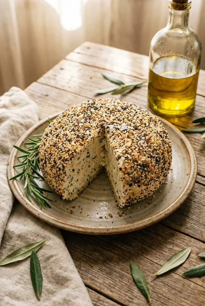 A classic party appetizer with a modern twist. This easy cheese ball combines creamy cheeses, zesty green onions, and the savory crunch of everything bagel seasoning.
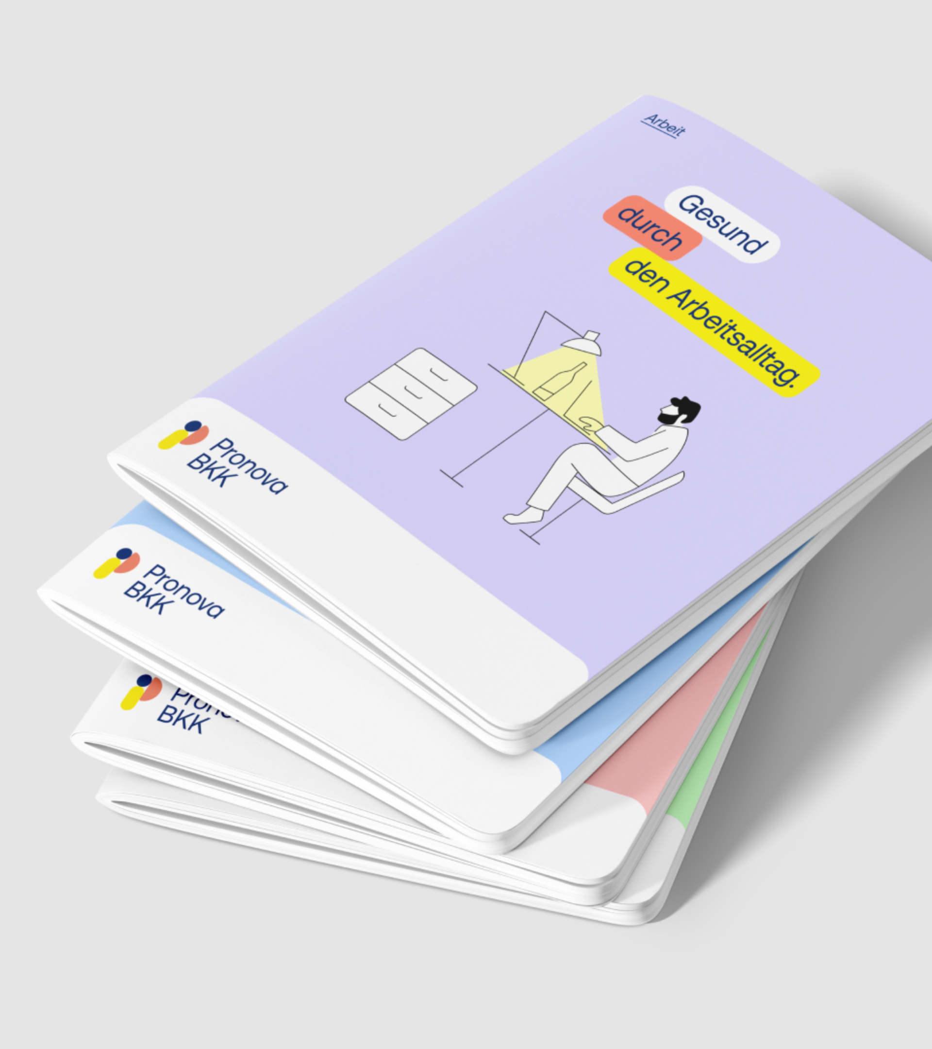 Heute findet der Großteil unserer Kommunikation digital statt, aber eben doch nicht immer. Für den Leichtigkeits-Fokus der Pronova BKK bot sich dabei ein viel ruhigeres Format, wie eine Broschüre an, welches viel Aufmerksamkeit und Liebe zum Detail braucht. Durch die Konzeption und Gestaltung neuer Broschüren schufen wir ein neues Aushängeschild der Marke. In der Imagebroschüre und verschiedenen Themen- und Angebotsbroschüren konnten wir uns gestalterisch und textlich ausleben und eine konzeptionelle Leitlinie schaffen.
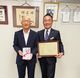 再発防止策を斉藤国交相(左)に手渡す日野の小木曽社長(右)
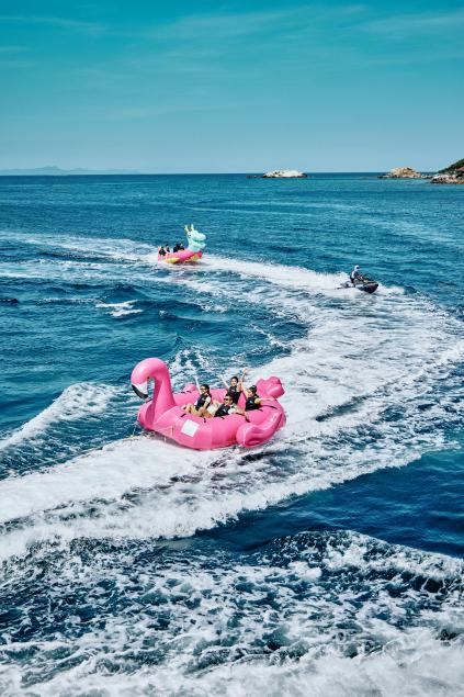 值得一提的是,近期上新的“浮潜”项目凭借其低门槛与高品质,已成为家庭与年轻游客的热门首选。来自广州的游客陈女士分享道:“第一次尝试浮潜,教练讲解很耐心,水下看到的鱼群和珊瑚非常漂亮。”据悉,蜈支洲岛还计划于近期推出升级版主题亲子房、IPK酒吧、鳐鱼互动及飞拉达体验等一系列产品与设施,旨在从住宿、餐饮、娱乐等多维度,持续革新与提升游客的度假体验。
——————————
Assigned task:
Omitting all pictures, restate word for word the lines from the one containing "再発防止策を斉藤国交相(左)に手渡す日野の小木曽社長(右)" through the last line of the data.

Reply to the exercise:
 再発防止策を斉藤国交相(左)に手渡す日野の小木曽社長(右)
 值得一提的是,近期上新的“浮潜”项目凭借其低门槛与高品质,已成为家庭与年轻游客的热门首选。来自广州的游客陈女士分享道:“第一次尝试浮潜,教练讲解很耐心,水下看到的鱼群和珊瑚非常漂亮。”据悉,蜈支洲岛还计划于近期推出升级版主题亲子房、IPK酒吧、鳐鱼互动及飞拉达体验等一系列产品与设施,旨在从住宿、餐饮、娱乐等多维度,持续革新与提升游客的度假体验。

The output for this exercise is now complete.